— PROVIDED RECORDS —
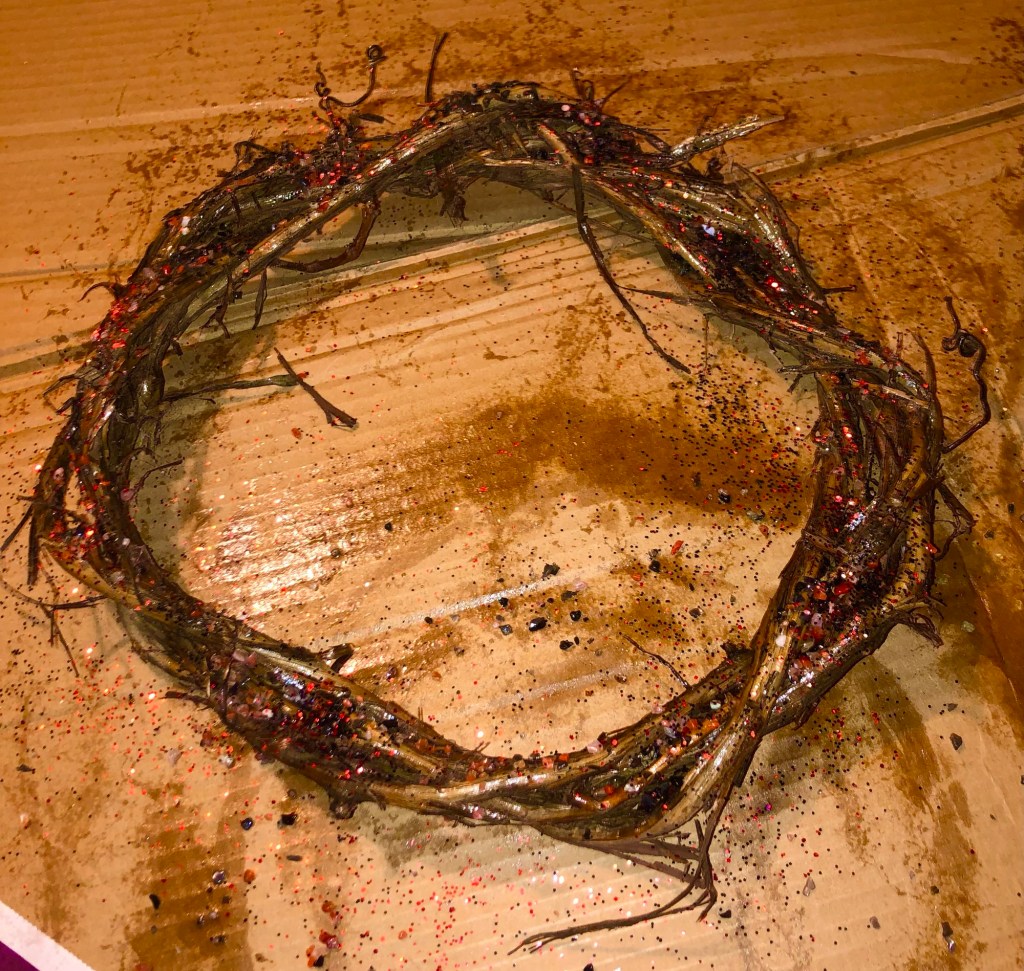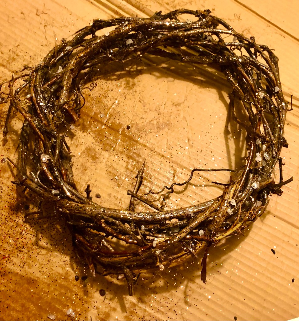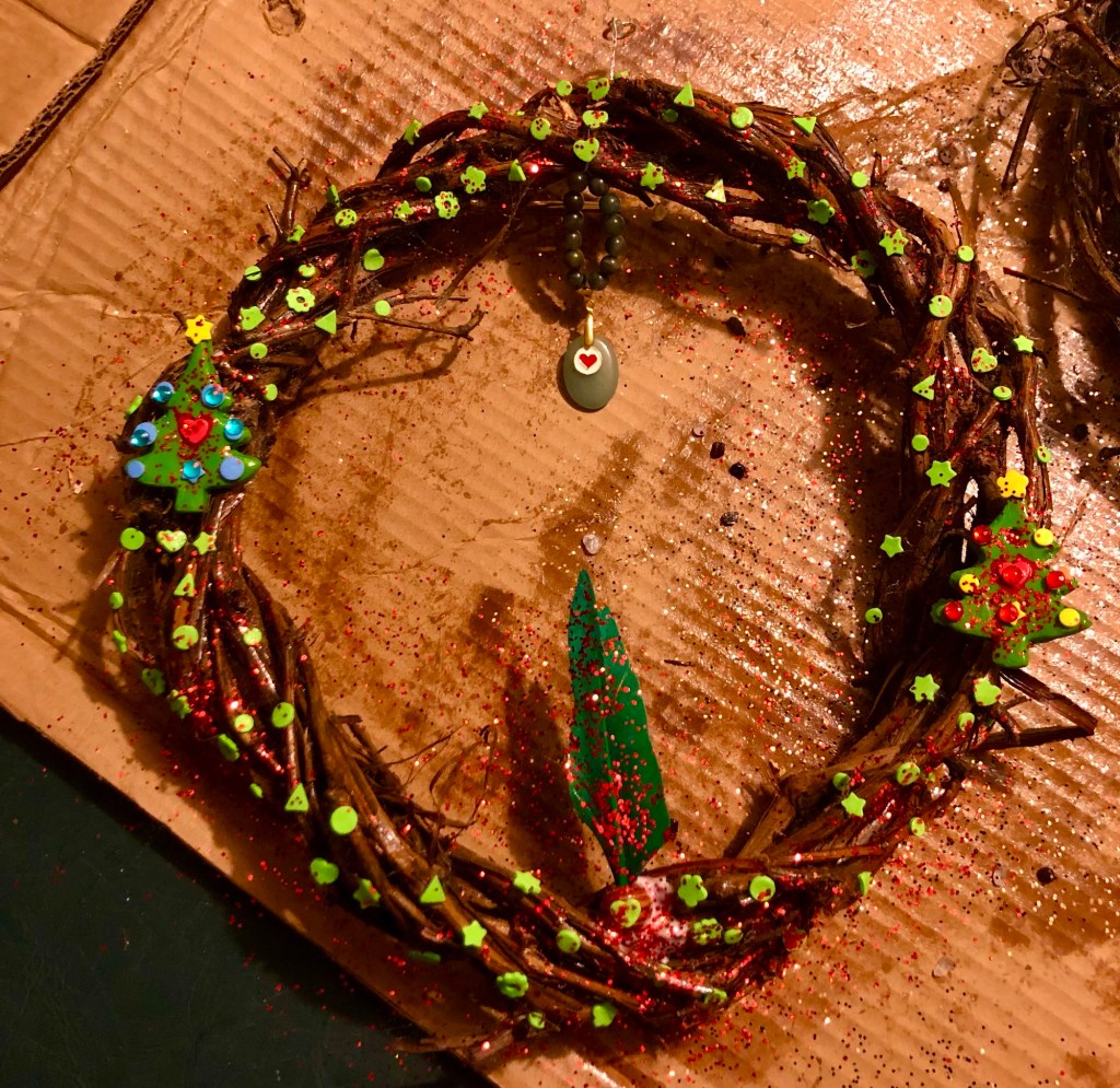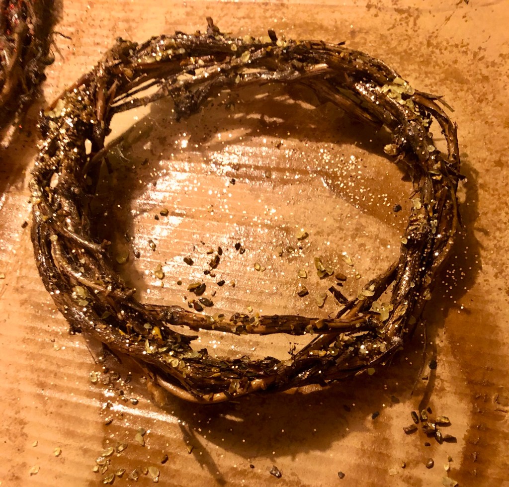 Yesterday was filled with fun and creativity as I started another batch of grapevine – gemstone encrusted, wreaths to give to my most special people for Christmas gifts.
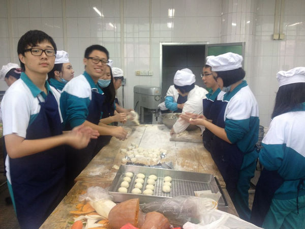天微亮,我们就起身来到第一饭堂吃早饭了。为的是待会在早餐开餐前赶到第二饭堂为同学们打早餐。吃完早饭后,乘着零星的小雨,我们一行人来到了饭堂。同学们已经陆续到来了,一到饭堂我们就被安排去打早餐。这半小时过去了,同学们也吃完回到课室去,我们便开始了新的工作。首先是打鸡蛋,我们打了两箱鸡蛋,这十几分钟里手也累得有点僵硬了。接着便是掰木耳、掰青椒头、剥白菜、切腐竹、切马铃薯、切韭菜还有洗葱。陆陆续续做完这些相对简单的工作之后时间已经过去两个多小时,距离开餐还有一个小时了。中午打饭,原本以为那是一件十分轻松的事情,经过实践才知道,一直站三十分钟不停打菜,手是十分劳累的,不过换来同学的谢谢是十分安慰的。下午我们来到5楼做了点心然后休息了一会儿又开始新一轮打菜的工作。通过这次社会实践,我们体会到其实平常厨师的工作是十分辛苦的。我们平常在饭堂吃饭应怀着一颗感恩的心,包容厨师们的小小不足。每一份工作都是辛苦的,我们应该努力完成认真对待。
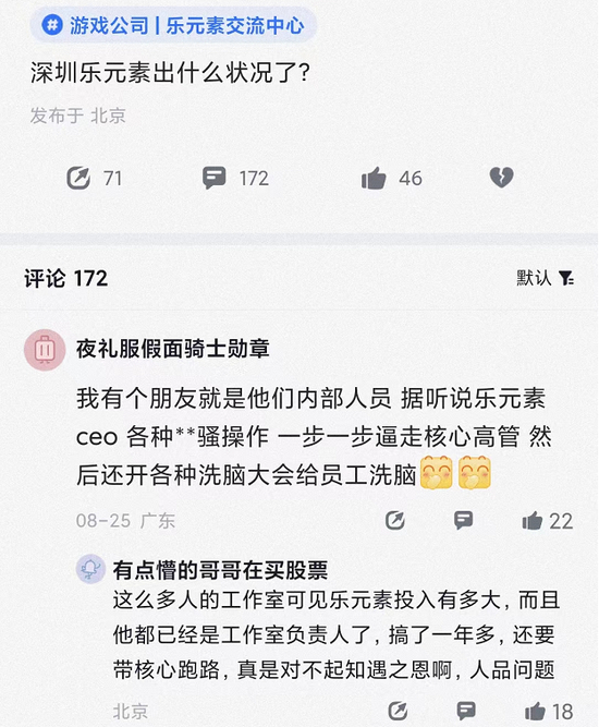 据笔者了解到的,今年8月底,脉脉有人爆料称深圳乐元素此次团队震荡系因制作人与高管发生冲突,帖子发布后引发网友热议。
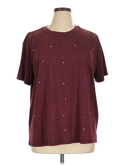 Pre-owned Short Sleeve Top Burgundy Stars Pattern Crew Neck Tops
==
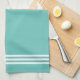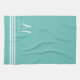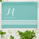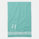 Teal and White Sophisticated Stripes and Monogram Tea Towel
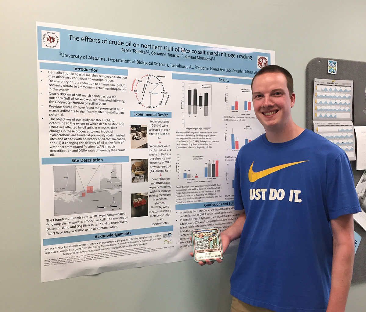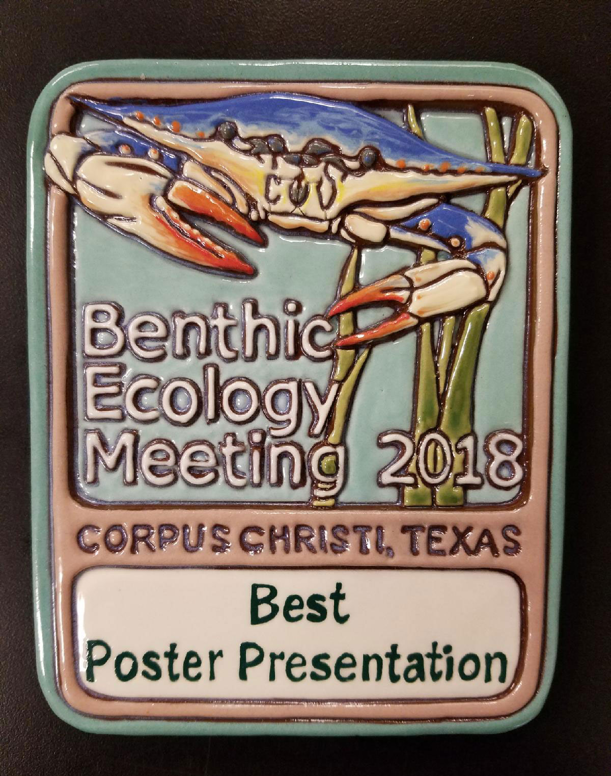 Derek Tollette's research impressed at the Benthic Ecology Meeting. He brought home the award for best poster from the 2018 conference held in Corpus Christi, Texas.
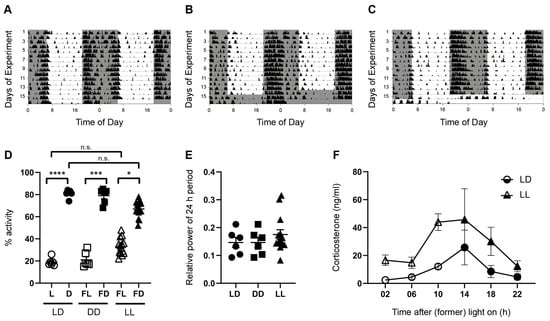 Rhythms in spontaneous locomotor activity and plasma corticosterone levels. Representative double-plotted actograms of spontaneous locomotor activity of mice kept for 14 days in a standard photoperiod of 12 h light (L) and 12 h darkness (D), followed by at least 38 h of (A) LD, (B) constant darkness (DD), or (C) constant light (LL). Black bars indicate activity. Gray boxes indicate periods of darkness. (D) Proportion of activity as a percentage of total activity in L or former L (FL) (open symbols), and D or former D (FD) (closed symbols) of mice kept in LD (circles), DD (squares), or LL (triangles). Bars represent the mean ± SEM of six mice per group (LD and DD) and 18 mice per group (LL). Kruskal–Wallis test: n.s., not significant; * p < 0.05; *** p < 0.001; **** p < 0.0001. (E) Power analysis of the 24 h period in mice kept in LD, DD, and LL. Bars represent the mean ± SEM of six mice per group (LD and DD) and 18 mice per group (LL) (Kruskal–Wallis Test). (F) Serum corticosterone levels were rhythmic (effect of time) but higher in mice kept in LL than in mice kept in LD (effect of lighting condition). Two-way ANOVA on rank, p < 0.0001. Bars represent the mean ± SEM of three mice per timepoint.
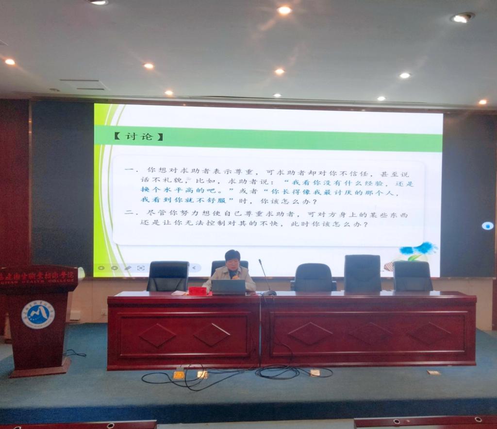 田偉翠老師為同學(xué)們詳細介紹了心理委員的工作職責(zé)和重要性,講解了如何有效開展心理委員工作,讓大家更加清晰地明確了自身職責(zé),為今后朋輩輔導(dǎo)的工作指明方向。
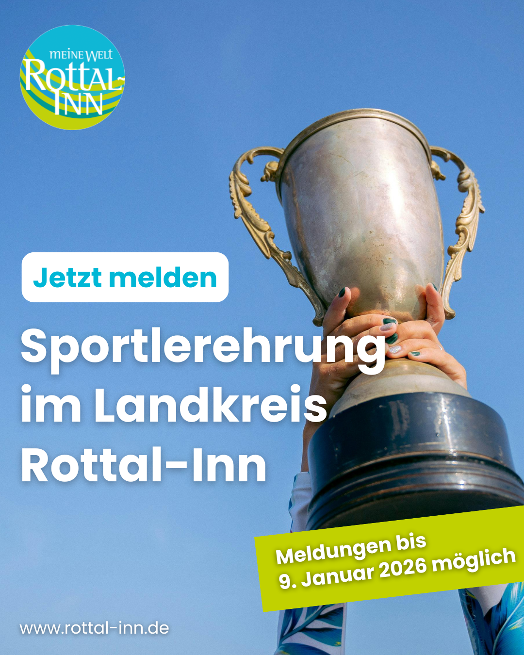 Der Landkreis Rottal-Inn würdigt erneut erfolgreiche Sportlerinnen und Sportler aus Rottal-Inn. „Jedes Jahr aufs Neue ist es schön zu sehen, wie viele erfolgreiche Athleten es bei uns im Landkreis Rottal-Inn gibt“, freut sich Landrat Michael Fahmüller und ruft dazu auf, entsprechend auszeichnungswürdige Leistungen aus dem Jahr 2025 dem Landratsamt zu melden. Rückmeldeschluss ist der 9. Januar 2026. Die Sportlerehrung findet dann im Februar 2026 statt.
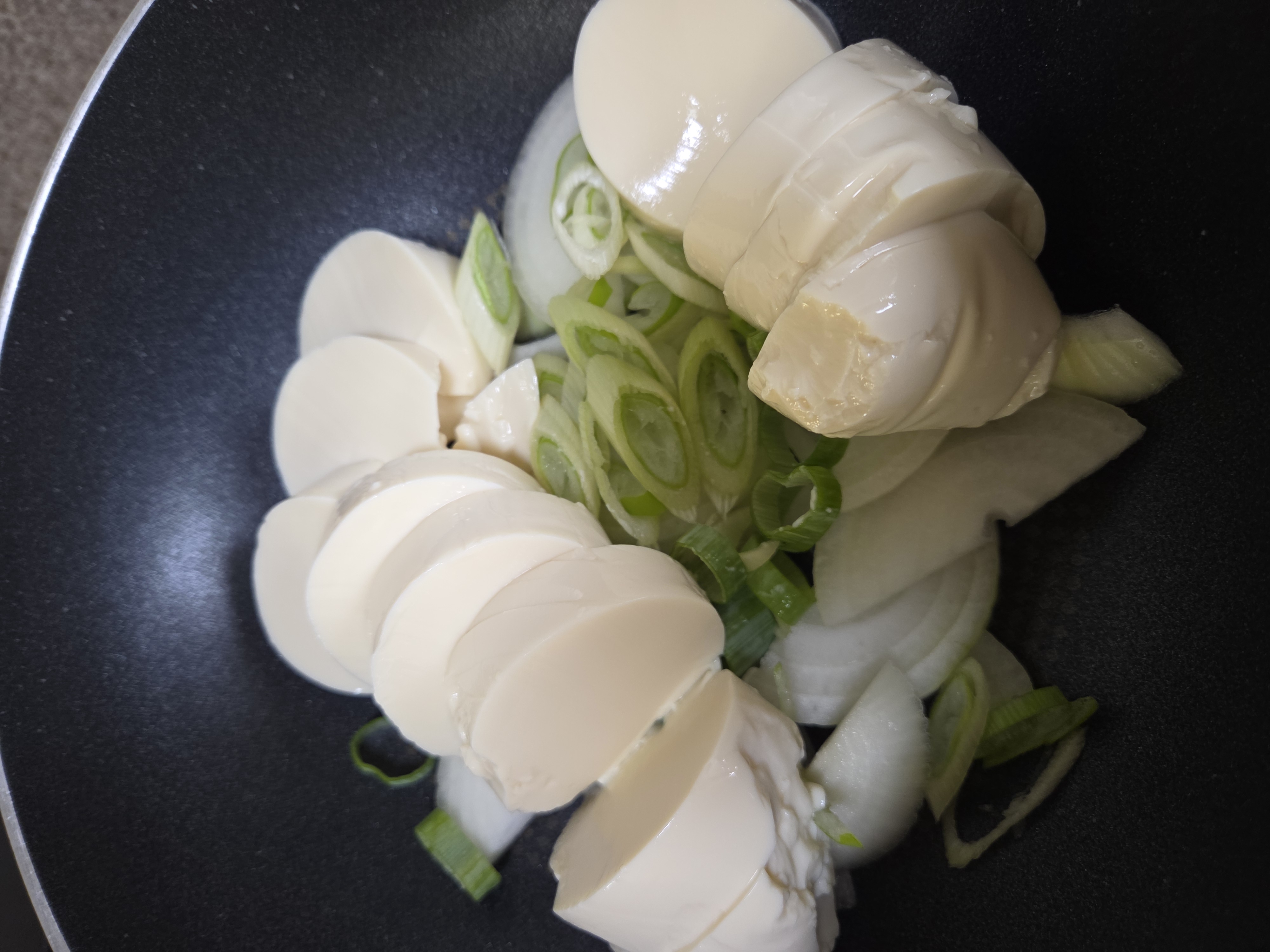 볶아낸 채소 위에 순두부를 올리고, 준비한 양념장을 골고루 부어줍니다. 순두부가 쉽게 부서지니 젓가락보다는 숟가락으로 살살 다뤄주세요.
---
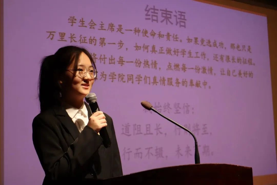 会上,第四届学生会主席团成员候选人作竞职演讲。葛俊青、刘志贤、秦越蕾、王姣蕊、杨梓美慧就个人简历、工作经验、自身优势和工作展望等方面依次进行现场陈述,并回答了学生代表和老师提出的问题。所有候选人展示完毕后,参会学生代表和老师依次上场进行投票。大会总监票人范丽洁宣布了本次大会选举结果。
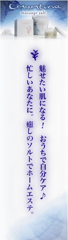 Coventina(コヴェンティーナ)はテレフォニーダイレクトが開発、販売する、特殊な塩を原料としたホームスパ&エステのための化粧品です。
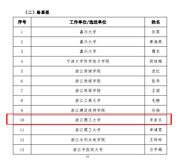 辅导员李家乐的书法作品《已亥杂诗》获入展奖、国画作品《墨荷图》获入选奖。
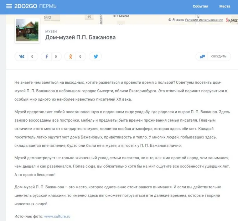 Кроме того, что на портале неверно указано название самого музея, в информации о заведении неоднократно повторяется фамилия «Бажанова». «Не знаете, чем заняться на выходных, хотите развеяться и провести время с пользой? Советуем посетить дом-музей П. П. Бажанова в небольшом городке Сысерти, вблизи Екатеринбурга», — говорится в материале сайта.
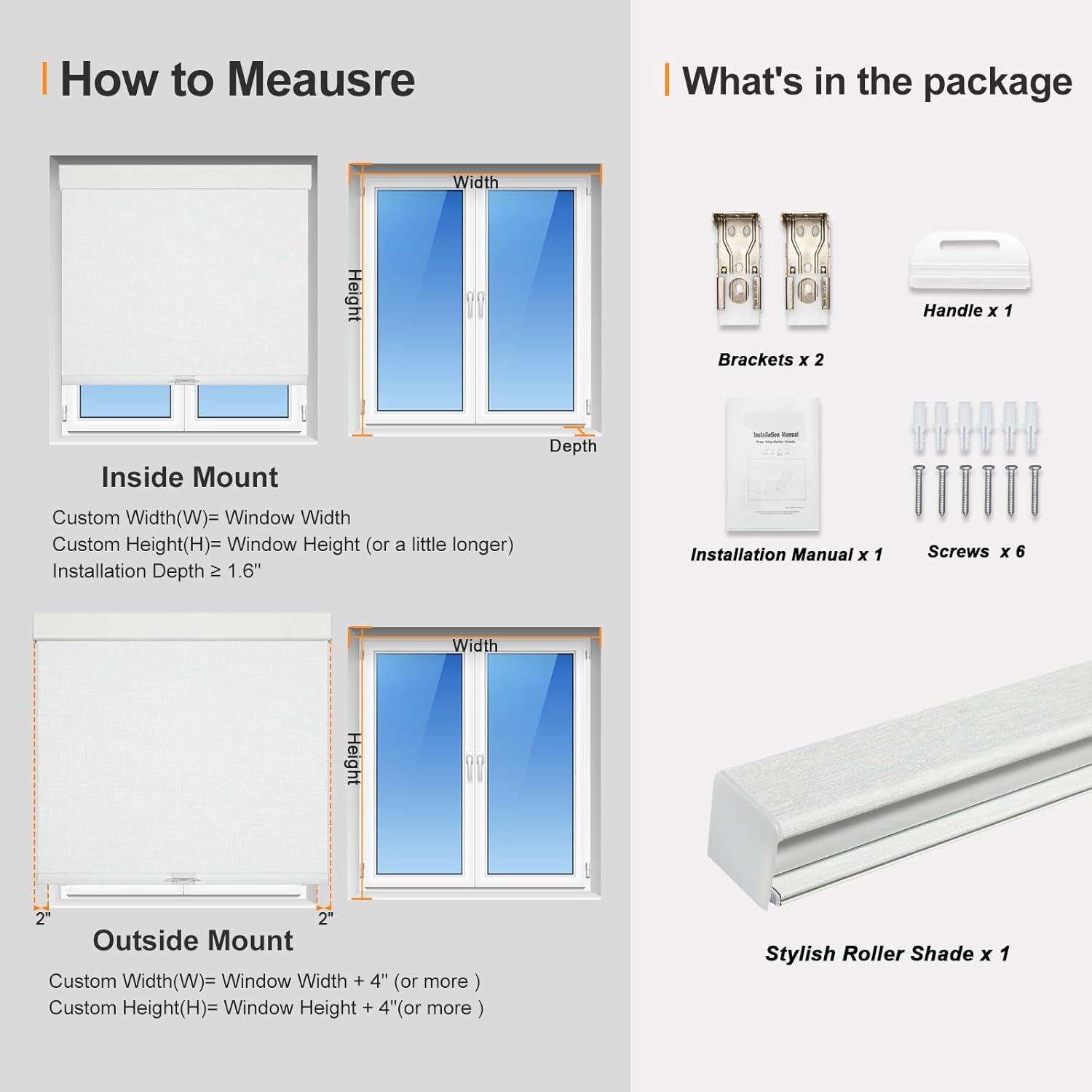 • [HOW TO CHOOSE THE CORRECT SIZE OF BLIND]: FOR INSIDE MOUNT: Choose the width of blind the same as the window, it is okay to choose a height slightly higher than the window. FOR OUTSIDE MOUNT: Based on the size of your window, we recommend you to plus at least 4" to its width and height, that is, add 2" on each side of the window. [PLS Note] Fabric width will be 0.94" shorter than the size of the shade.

— WORK ORDER —
Starting at the line containing "Кроме того, что" and stopping at the line containing "of the shade.", output every line above exactly, both ends included, with pictures omitted.

— SOLUTION —
 Кроме того, что на портале неверно указано название самого музея, в информации о заведении неоднократно повторяется фамилия «Бажанова». «Не знаете, чем заняться на выходных, хотите развеяться и провести время с пользой? Советуем посетить дом-музей П. П. Бажанова в небольшом городке Сысерти, вблизи Екатеринбурга», — говорится в материале сайта.
 • [HOW TO CHOOSE THE CORRECT SIZE OF BLIND]: FOR INSIDE MOUNT: Choose the width of blind the same as the window, it is okay to choose a height slightly higher than the window. FOR OUTSIDE MOUNT: Based on the size of your window, we recommend you to plus at least 4" to its width and height, that is, add 2" on each side of the window. [PLS Note] Fabric width will be 0.94" shorter than the size of the shade.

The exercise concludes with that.